Wow, I think you just went meta-Ecclesiastes!

What has been, that will be; what has been done, that will be done. Nothing is new under the sun. Even the thing of which we say, "See, this is new!" has already existed in the ages that preceded us.

Ecclesiastes 1:9-10

Poetic but blatantly false.

Actually, you really wonder how Ecclesiastes managed to get included in the Bible, considering that at this point the Earth was supposed to be four thousand years old or whatever. And yet even 4.5 billion years isn't old enough for everything to have happened, not even close. Aren't exponential possibility spaces wonderful?

Poetic but blatantly false.

False now, but true at the time. For most people who have ever lived, nothing new happened during their lifetimes.

I agree with David Mathers. I believe that time has given you enough perspective to put you more than one level above Solomon.

Its poetry is enough reason for me to see it in the Bible, and it reminds us that fame and money themselves are useless.

http://www.overcomingbias.com/2008/09/level-above.html

If you take it to mean human nature and the completely cyclical patterns of human behavior, then it's most certainly correct. That's how I've always interpreted it.
Verse 9 is about behavior:

  What has been will be again, 
       what has been done will be done again
Verse 10 is about things:

  Is there anything of which one can say, 
       "Look! This is something new"?
I think verse 9 is false. Remember one of the ways Solomon got his pleasure: "I bought male and female slaves and had other slaves who were born in my house." That's the only thing I can think of though.
Why does the case of Solomon's slaves negate verse 9?

There has always been slavery, and there is still slavery today, and lots of explicitly sexual slavery too.
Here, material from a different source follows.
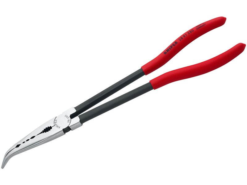 Sort atramenteret, hoved poleret, greb betrukket med kunststof. Til gribe-, justerings- og monteringsarbejde på vanskeligt tilgængelige steder takket være den slanke, meget lange form. Dybtliggende arbejdsemner kan nås optimalt med de slanke flad-runde gribespidser. Griber, holder og fører små kobberrør, skruer og kabler samt andre runde dele skånsomt og alligevel sikkert pga. fræsede noter med glat overflade. Fortandet brænderhul til at gribe runde dele. Særligt velegnet til arbejdet inden for automobilbranchen (f.eks. i motorrummet), ved montering og inden for maskinbygning. Slankt og alligevel solidt værktøj. Smedet af special-værktøjsstål, hærdet i olie.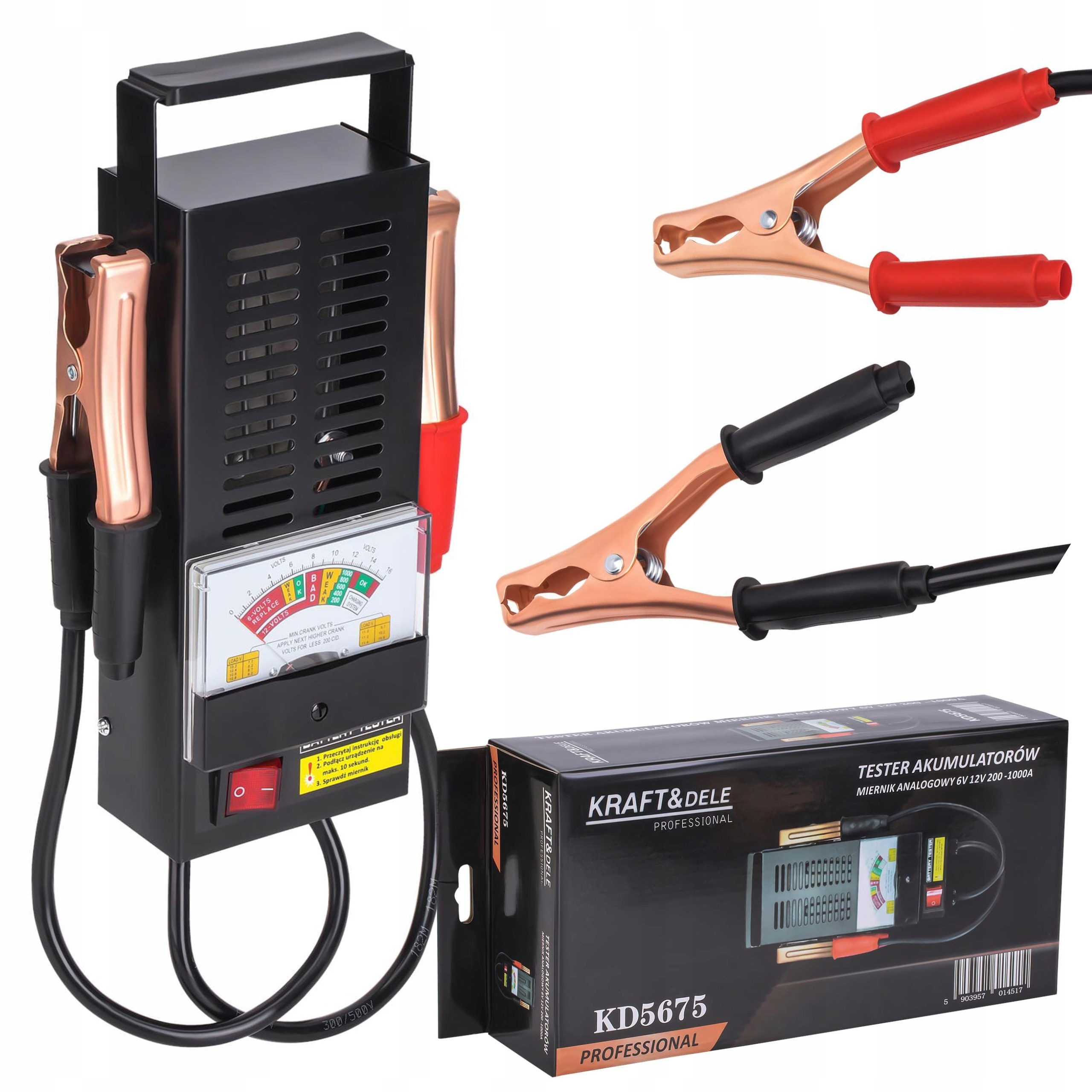 АНАЛОГОВЫЙ ТЕСТЕР ДЛЯ ПРОВЕРКИ АКБ 6/12В 200-1000А K&D KD5675

There's a reason they call it the Bible.
Because it is a book?

early 14c., from Anglo-L. biblia, from M.L./L.L. biblia (neuter plural interpreted as fem. sing.), in phrase biblia sacra "holy books," from Gk. ta biblia to hagia "the holy books," from biblion "paper, scroll," the ordinary word for "book," originally a dim. of byblos "Egyptian papyrus," possibly so called from the name of the Phoenician port from which Egyptian papyrus was exported to Greece. The port's name is a Gk. corruption of Phoenician Gebhal (modern Jbeil, Lebanon), said to mean lit. "frontier town" (cf. Heb. gebhul "frontier, boundary," Arabic jabal "mountain"). The Christian scripture was refered to in Gk. as Ta Biblia as early as c.223. Bible replaced O.E. biblioưece "the Scriptures," from Gk. bibliotheke, lit. "book-repository" (from biblion + theke "case, chest, sheath"), used of the Bible by Jerome and the common L. word for it until Biblia began to displace it 9c. Figurative sense of "any authoritative book" is from 1804. Bible Belt first attested 1926, reputedly coined by H.L. Mencken.

http://www.etymonline.com/index.php?term=Bible

The parent post said "Book of Ecclesiastes, nuff said." in reference to an article about lifestyle. I made a tongue-in-cheek comment about how we should obviously start taking our values from the Bible. Bible = word of God = axioms to live by. That's why it's correct!